Design/methodology/approach
A social identity approach to leadership provided a framework to understand the insider/outsider approach to leadership which helped RH to negotiate and navigate the conflicting priorities from each departments’ perspective. A staff survey tool was undertaken to identify reasons for the lack of implementation of a clinical protocol for chest pain patients, specifically with reference to the use of the HS. A consensus was reached to develop and implement the pathway for multi-disciplinary use of the HS and a quality improvement methodology (with the use of plan do study act (PDSA) cycles) was used over a period of nine months.
Findings
The results demonstrated significant improvements in the reduction (60%) of waiting time by chronic chest pain patients in the ED. The use of the HS as a stratified risk assessment tool resulted in a more efficient and safe way to manage patients. There are specific leadership challenges faced by an MTI doctor when they arrive in the NHS, as the MTI doctor is considered an outsider to the NHS, with reduced influence. Drawing upon the Social Identity Theory of Leadership, NHS Trusts can introduce inclusion strategies to enable greater alignment in social identity with doctors from overseas.
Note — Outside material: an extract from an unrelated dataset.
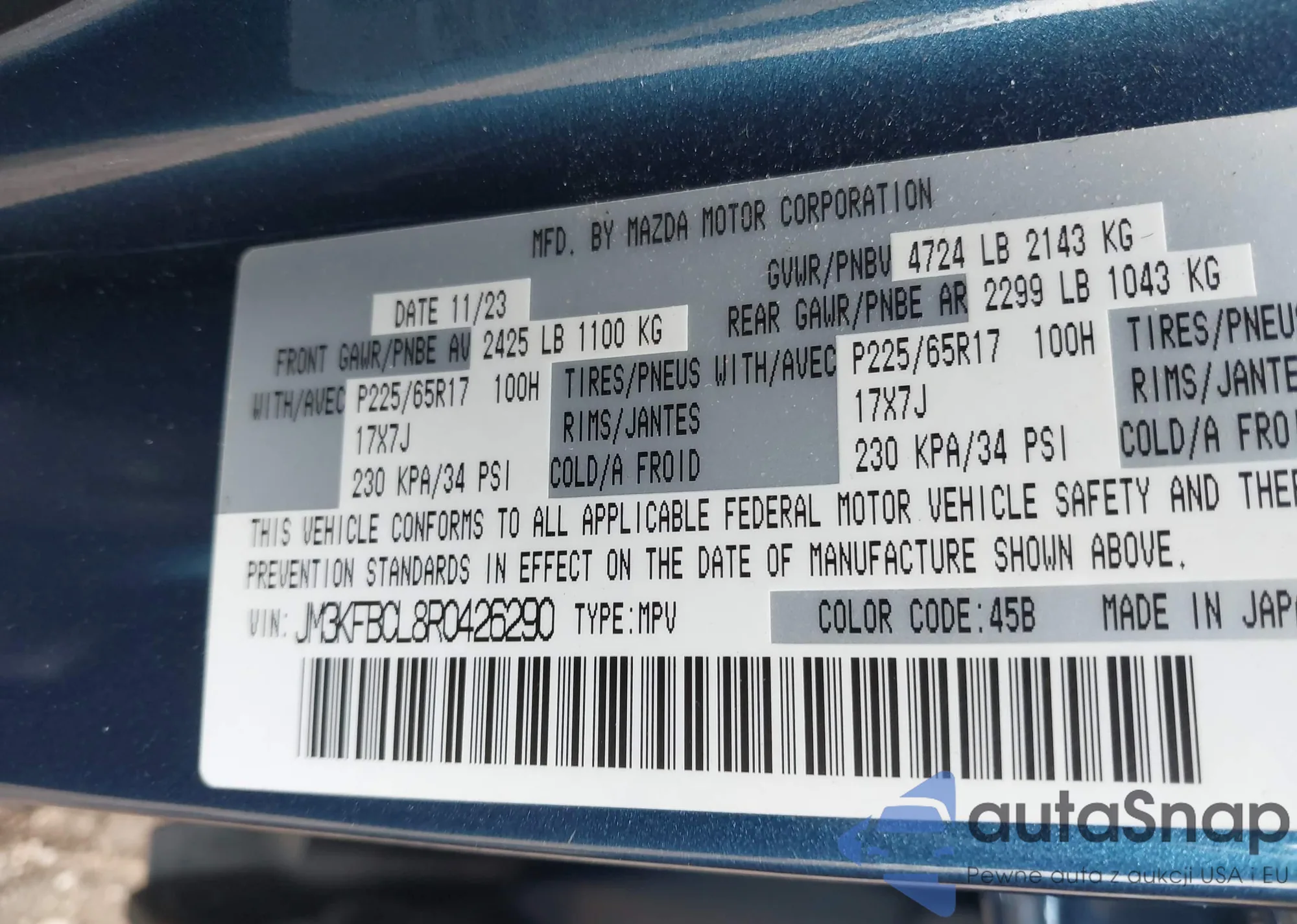 • VIN 3KPFT4DE7SE043923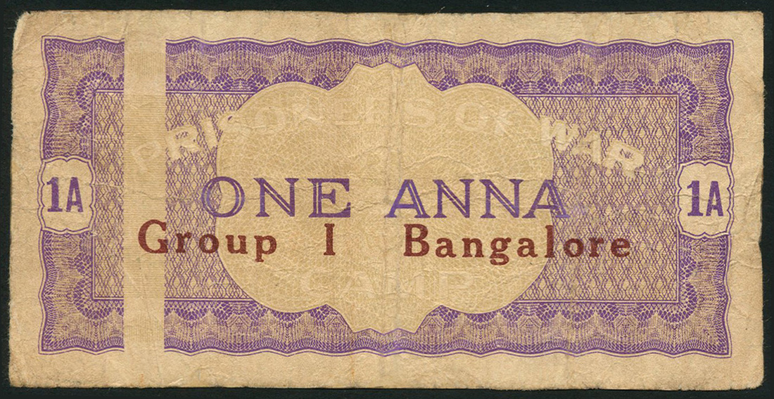 (x) Prisoner of War Camp money, India, 1 anna, Bangalore, ND (1939-1945), uniface, purple, also 1 rupee, Bangalore, ND (1939-1945), uniface, green, both with 'Group I Bangalore' in red at centre with bar at left

Research limitations/implications
More than one third of doctors (40%) in the English NHS are IMGs and identify as black and minority ethnic (GMC, 2019a) a trend that sees no sign of abating as the NHS continues its international medical workforce recruitment strategy for its survival (NHS England, 2019; Beech et al., 2019). IMGs can provide significant value to improving the NHS using skills developed from their own health-care system. This paper recommends a need for reciprocal learning from low to medium income countries by UK doctors to encourage the development of an inclusive global medical social identity.
Originality/value
This quality improvement research combined with identity leadership provides new insights into how overseas doctors can successfully lead sustainable improvement across different departments within one hospital in the NHS.